Thousands of pilgrims and tourists are arriving in Rome to attend ceremonies during the holy week ahead of Easter.
The washing of feet on the Thursday before Easter is a Christian tradition commemorating Christ's Last Supper.
It is part of a papal calendar of events running up to Easter, the most important festival in the calendar of the Catholic Church.
On Easter Sunday morning, the new Pope will deliver his first "Urbi et Orbi" message to the city of Rome and to the world.
During his inaugural general audience Wednesday, Francis called for an immediate political solution to the conflict in the Central African Republic after last weekend's coup.
Gesture of humility The new leader of the world's 1.2bn Roman Catholics has brought a new sense of simplicity to the Vatican, reports the BBC's David Willey in Rome.
He has decided to live in a small suite in a residence for clerics, eating with other priests in a common dining room, after deciding not to move into the palatial apartments occupied by his predecessors in the Apostolic Palace.
He has again broken with tradition for the foot-washing ceremony, which is normally performed on lay people in one of Rome's basilicas.
This time the Pope will visit the Casal del Marmo detention centre on the outskirts of Rome.
Pope Benedict XVI visited the centre in 2007, but not for the Holy Thursday Mass.

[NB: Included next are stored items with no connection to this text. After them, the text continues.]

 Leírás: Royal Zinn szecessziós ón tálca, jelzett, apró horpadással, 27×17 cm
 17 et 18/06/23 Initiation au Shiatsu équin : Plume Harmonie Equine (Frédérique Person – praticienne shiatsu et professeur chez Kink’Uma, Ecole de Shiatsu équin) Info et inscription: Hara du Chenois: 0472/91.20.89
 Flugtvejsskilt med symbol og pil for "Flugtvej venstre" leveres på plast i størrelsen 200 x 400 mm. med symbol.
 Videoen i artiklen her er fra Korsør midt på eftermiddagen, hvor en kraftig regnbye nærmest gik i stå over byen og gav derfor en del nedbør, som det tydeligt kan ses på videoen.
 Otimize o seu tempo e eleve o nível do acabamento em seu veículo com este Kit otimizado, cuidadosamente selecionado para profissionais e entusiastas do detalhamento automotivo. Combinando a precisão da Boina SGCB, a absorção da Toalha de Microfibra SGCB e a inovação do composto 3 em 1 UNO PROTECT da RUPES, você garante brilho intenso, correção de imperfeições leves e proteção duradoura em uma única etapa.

Only for the first two years of his pontificate did he perform the feet-washing himself, after which the task was delegated to priests.
During the service, the pope washes and kisses the feet of 12 people to replicate the Bible's account of Jesus Christ's gesture of humility towards his 12 apostles on the night before he was crucified.

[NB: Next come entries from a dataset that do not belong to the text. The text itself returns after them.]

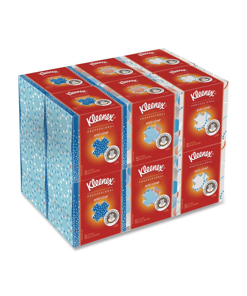More people choose Kleenex® Facial Tissue than any other brand, proving that all facial tissues are not created equal. Did you know that more than 90% of employees miss work each year due to "minor illnesses," such as cold and flu? Each Kleenex® Anti-Viral tissue has three soft layers, including a moisture-activated middle layer that kills 99.9% of cold and flu viruses in the tissue within 15 minutes. It's virucidal against Rhinoviruses Type 1A and 2 (rhinoviruses are the leading cause of the common cold), Influenza A and B (causes of the flu), Respiratory Syncytial Virus (RSV – the leading cause of lower respiratory infection in children). Each tissue features small blue dots on the interior layer, which signal they're anti-viral. Buy these in bulk, so you won't run out. Choosing Kleenex® lets everyone know that you care enough to provide the very best.
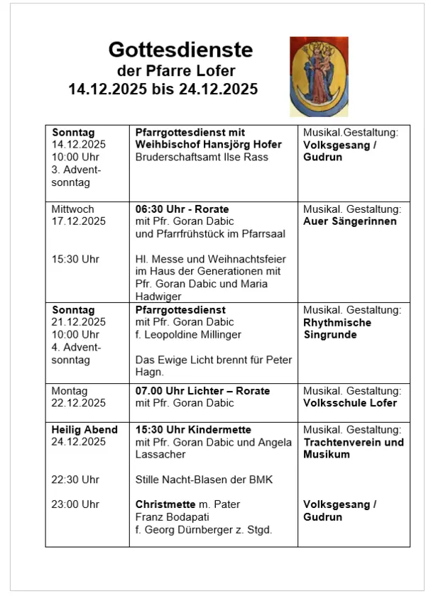 Gottesdienstordnung Lofer
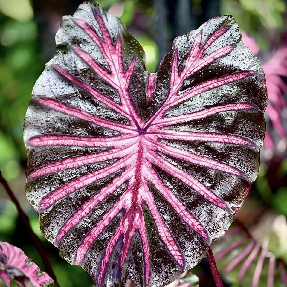 В тропическом саду есть один властелин — и это он. ‘Король’ царит без слов: его густо-бордовая листва отливает чёрным бархатом, а яркие малиновые жилки пронизывают лист, словно королевская вышивка на мантии древнего правителя ✨.
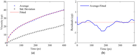 For all initial configuration models, 30 independent calculations were performed, generating 30 integral trajectories, each with a length of 400 ps. Subsequently, the average of multiple trajectories was computed, and the viscosity was calculated using the Formula (1). The average and standard deviations at 408.15 K are shown in Figure 8a. As expected, the long-term accumulation of random noise in the autocorrelation function causes the standard deviation to increase with simulation time. To ensure the validity of the results, the average integral was fitted with a double exponential function, as shown in Formula (3), and extrapolated to the limit time. Here, the weight function was used to fit the average integral, where b was obtained by fitting the standard deviation using Formula (5). Through calculation, within the finite integral time, the parameter b fitted was close to −1. Therefore, was adopted for the viscosity curve in the simulations. Figure 8b displays the residuals of the average and fitted line, indicating a good fit and a high accuracy of the fitting function.
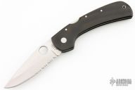 This Wayne Goddard knife by Spyderco features a satin finished blade with thumbhole and serrations. Signed by Wayne Goddard on the blade. The handle is black linen micarta. Has scratches, has been used and sharpened, otherwise good condition.

Some of the young detainees volunteered to have their feet washed, while others were given an invitation to help them overcome their embarrassment, the Catholic News Agency quoted the prison chaplain as saying.
On Good Friday evening the Pope will carry a wooden cross and pray at a ceremony at Rome's ancient amphitheatre, the Colosseum, commemorating Jesus' crucifixion.

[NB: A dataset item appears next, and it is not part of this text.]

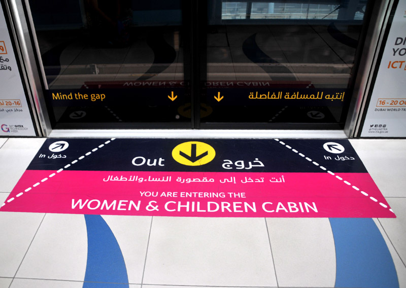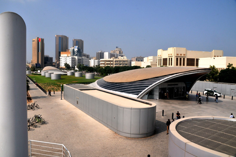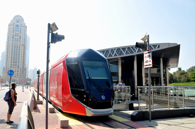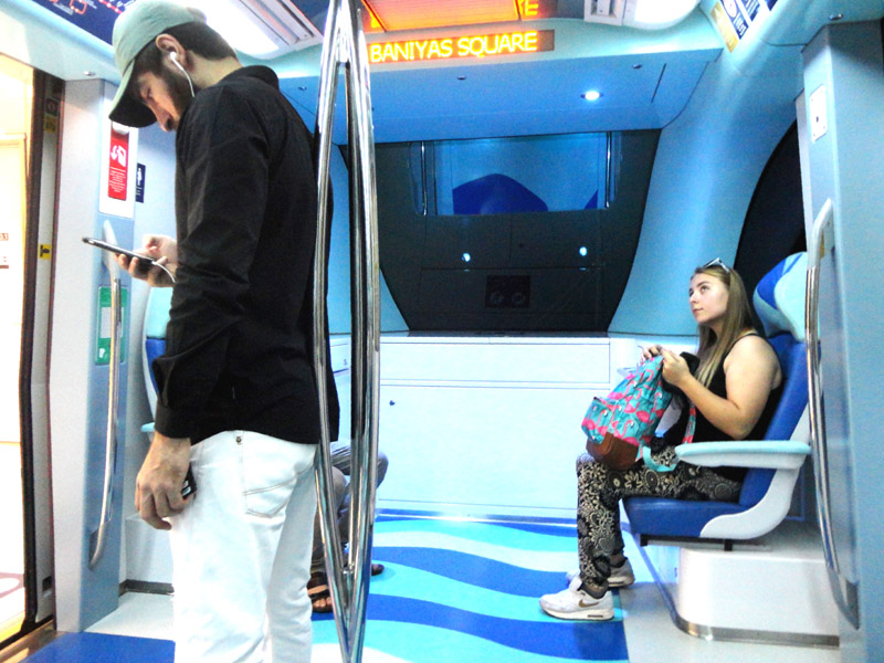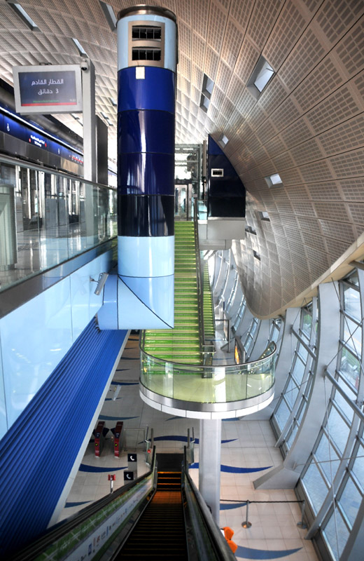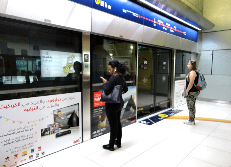 * czerwoną, którą można dojechać z Rashidii, dwu terminali Dubai International Airport oraz dzielnicy Deira, aż niemal na sam południowo ? zachodni kraniec miasta do UAE Exchange, w rejon przyszłej Wystawy Światowej EXPO Dubaj 2020,

And on Saturday evening Pope Francis will celebrate the main Easter Vigil Mass in St Peter's Basilica.
Pope Francis - renowned for his modest former life as bishop of the Argentine capital Buenos Aires - refuses to be awed by the magnificent surroundings of his new Vatican City home, visited every year by five million tourists and pilgrims, our correspondent says.
Some past popes vaunted their riches, but Francis wants a simpler church mindful of the plight of the world's poor people, he adds.